(Stored data entries)
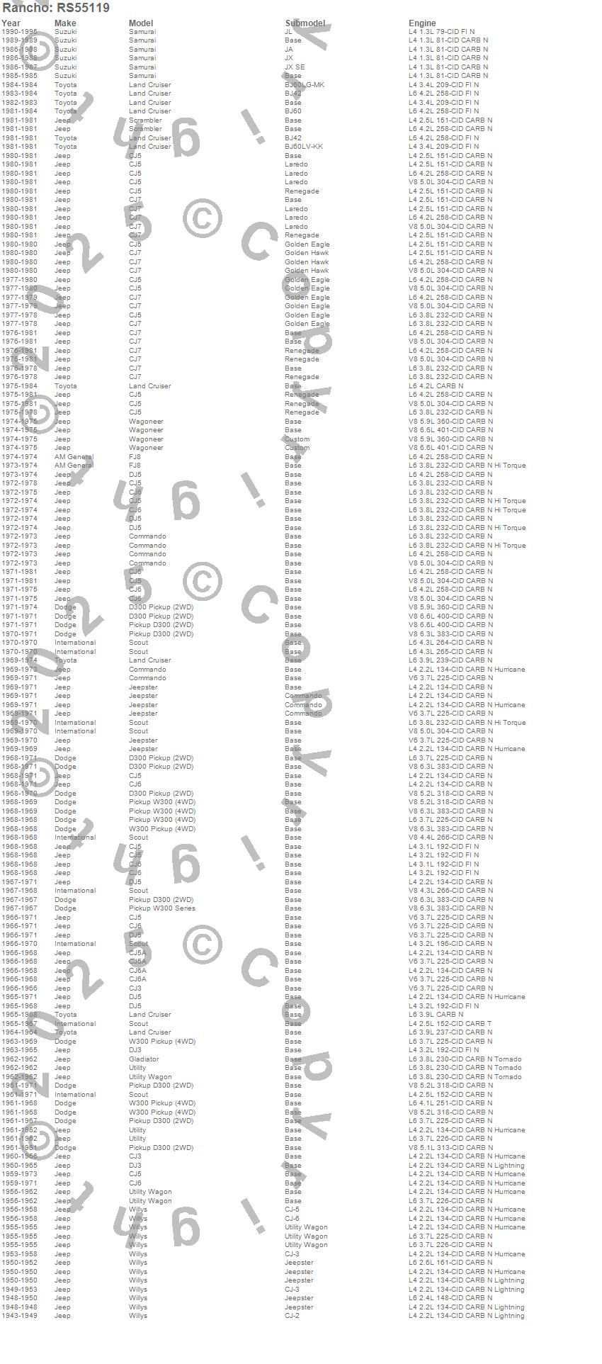 CJ-2A, CJ-3A, CJ-3B, CJ3, CJ5, CJ5A, CJ6, CJ6A, CJ7, Commando, D300 Pickup, DJ3, DJ5, DJ5A, DJ5B, DJ5C, FJ8, Gladiator, Jeepster, Land Cruiser more…
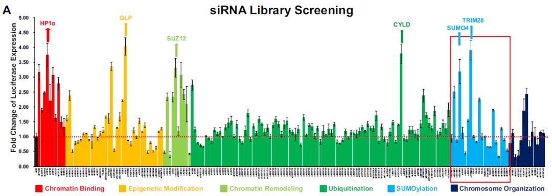 為了確定可能導(dǎo)致HIV-1抑制和潛伏的細(xì)胞靶點(diǎn),作者定制了siRNA文庫(kù)在ZM-bl細(xì)胞系中進(jìn)行高通量篩選,該文庫(kù)靶向細(xì)胞核內(nèi)的幾種細(xì)胞途徑的182個(gè)基因,包括chromatin binding, epigenetic modification, chromatin remodeling, ubiquitination, SUMOylation 和 chromosome organization。分析敲除各靶標(biāo)基因后熒光素酶的表達(dá)水平變化(以siNC為對(duì)照),許多蛋白質(zhì)對(duì)應(yīng)的熒光素酶表達(dá)升高,表明這些蛋白限制HIV-1啟動(dòng)子的活性,最明顯包括HP1α、GLP、SUZ12和CYLD,其已被鑒定為抑制HIV-1轉(zhuǎn)錄。其中,兩個(gè)較少見的SUMO化途徑基因TRIM28和SUMO4敲低后,顯著上調(diào)了HIV-1啟動(dòng)子活性。
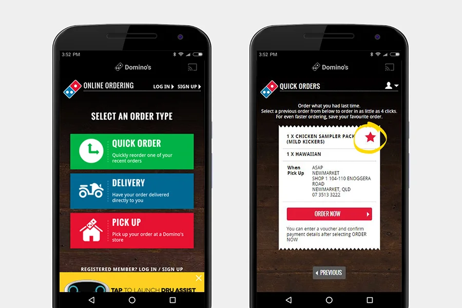The Domino's Pizza app in Australia has a similar favourite/save feature (the star icon), but with a twist. Instead of saving just the item, it saves the entire order, including delivery/collection and payment details.
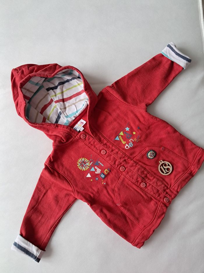 Composée de : 1 gilet à capuche matière sweat fermeture par bouton. 1 Tee-shirt manche longue fermeture par pression derrière. 1 pantalon doublé réglable à la taille par élastique et bouton. 1 paires de chaussette taille 21/22 gratuite L'ensemble et en très bonne état général Taille 18mois Marque la compagnie des petits
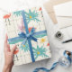 Wrapping Paper - Vintage-inspired poolside scene with pink flamingos, lounge chairs, cocktails, and sunny vibes in a retro summer aesthetic. Ideal for beach lovers, vacation fans, and those who enjoy fun, nostalgic designs.
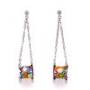 EarringsDangling Drop Chain Square Millefiori Murano Glass Earrings
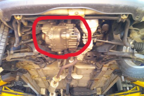 クラッチ部品を交換するにはトランスミッションを外さないと作業できません。(赤丸がトランスミッション)
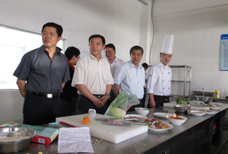 王副主任在我校党委书记梁晓谷、校长陈世波等领导的陪同下,饶有兴致地参观了轨道交通实验室、烹饪实验室、生物实验室等教学实验场地。王副主任边参观,边不停地询问实验室工作人员实验设备性能、功能,能否满足师生教学、科研需求等情况。
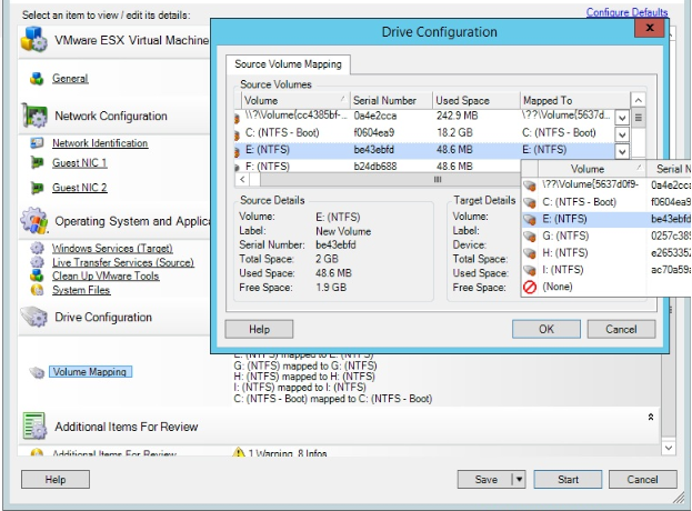 6. In the Drive Configuration section of the Migration Job window, click the Volume Mapping or Drives and Volumes option displayed depending on the target type.
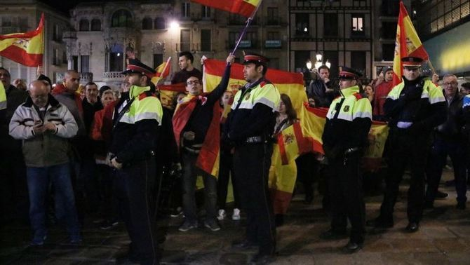 Algunos de los manifestantes también han denunciado la «manipulación de TV3» dirigiéndose a los periodistas que cubrían la concentración y han llamado «prensa catalana, manipuladora», además de retraer hicieran fotos.
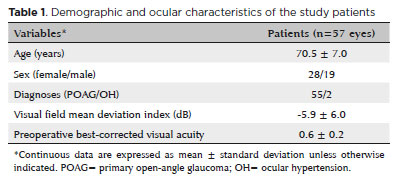 Results: A total of 47 patients (57 eyes) were included (mean age, 70.5 ± 7 years). The mean intraocular pressure was reduced from 15.5 ± 4.2 mmHg to 12.2 ± 2.4 mmHg at the last follow-up visit (p<0.001). The mean number of antiglaucoma medications decreased significantly from 1.9 ± 1.0 to 0.6 ± 1.0 during the same period (p<0.001). On the basis of the predefined criterion (intraocular pressure reduction ≥20% and/or reduction ≥1 medication), the 6-month success rate was 86%. A higher preoperative intraocular pressure value (odds ratio [OR]= 2.01; p=0.016) and greater percentage of initial (30 days) intraocular pressure reduction (OR= 1.02; p=0.033) were significantly associated with surgical success.

* _Task details_
The answer must be an exact copy of every record above, minus the pictures.

* _Exercise solution_
 CJ-2A, CJ-3A, CJ-3B, CJ3, CJ5, CJ5A, CJ6, CJ6A, CJ7, Commando, D300 Pickup, DJ3, DJ5, DJ5A, DJ5B, DJ5C, FJ8, Gladiator, Jeepster, Land Cruiser more…
 為了確定可能導(dǎo)致HIV-1抑制和潛伏的細(xì)胞靶點(diǎn),作者定制了siRNA文庫(kù)在ZM-bl細(xì)胞系中進(jìn)行高通量篩選,該文庫(kù)靶向細(xì)胞核內(nèi)的幾種細(xì)胞途徑的182個(gè)基因,包括chromatin binding, epigenetic modification, chromatin remodeling, ubiquitination, SUMOylation 和 chromosome organization。分析敲除各靶標(biāo)基因后熒光素酶的表達(dá)水平變化(以siNC為對(duì)照),許多蛋白質(zhì)對(duì)應(yīng)的熒光素酶表達(dá)升高,表明這些蛋白限制HIV-1啟動(dòng)子的活性,最明顯包括HP1α、GLP、SUZ12和CYLD,其已被鑒定為抑制HIV-1轉(zhuǎn)錄。其中,兩個(gè)較少見的SUMO化途徑基因TRIM28和SUMO4敲低后,顯著上調(diào)了HIV-1啟動(dòng)子活性。
The Domino's Pizza app in Australia has a similar favourite/save feature (the star icon), but with a twist. Instead of saving just the item, it saves the entire order, including delivery/collection and payment details.
 Composée de : 1 gilet à capuche matière sweat fermeture par bouton. 1 Tee-shirt manche longue fermeture par pression derrière. 1 pantalon doublé réglable à la taille par élastique et bouton. 1 paires de chaussette taille 21/22 gratuite L'ensemble et en très bonne état général Taille 18mois Marque la compagnie des petits
 Wrapping Paper - Vintage-inspired poolside scene with pink flamingos, lounge chairs, cocktails, and sunny vibes in a retro summer aesthetic. Ideal for beach lovers, vacation fans, and those who enjoy fun, nostalgic designs.
 EarringsDangling Drop Chain Square Millefiori Murano Glass Earrings
 クラッチ部品を交換するにはトランスミッションを外さないと作業できません。(赤丸がトランスミッション)
 王副主任在我校党委书记梁晓谷、校长陈世波等领导的陪同下,饶有兴致地参观了轨道交通实验室、烹饪实验室、生物实验室等教学实验场地。王副主任边参观,边不停地询问实验室工作人员实验设备性能、功能,能否满足师生教学、科研需求等情况。
 6. In the Drive Configuration section of the Migration Job window, click the Volume Mapping or Drives and Volumes option displayed depending on the target type.
 Algunos de los manifestantes también han denunciado la «manipulación de TV3» dirigiéndose a los periodistas que cubrían la concentración y han llamado «prensa catalana, manipuladora», además de retraer hicieran fotos.
 Results: A total of 47 patients (57 eyes) were included (mean age, 70.5 ± 7 years). The mean intraocular pressure was reduced from 15.5 ± 4.2 mmHg to 12.2 ± 2.4 mmHg at the last follow-up visit (p<0.001). The mean number of antiglaucoma medications decreased significantly from 1.9 ± 1.0 to 0.6 ± 1.0 during the same period (p<0.001). On the basis of the predefined criterion (intraocular pressure reduction ≥20% and/or reduction ≥1 medication), the 6-month success rate was 86%. A higher preoperative intraocular pressure value (odds ratio [OR]= 2.01; p=0.016) and greater percentage of initial (30 days) intraocular pressure reduction (OR= 1.02; p=0.033) were significantly associated with surgical success.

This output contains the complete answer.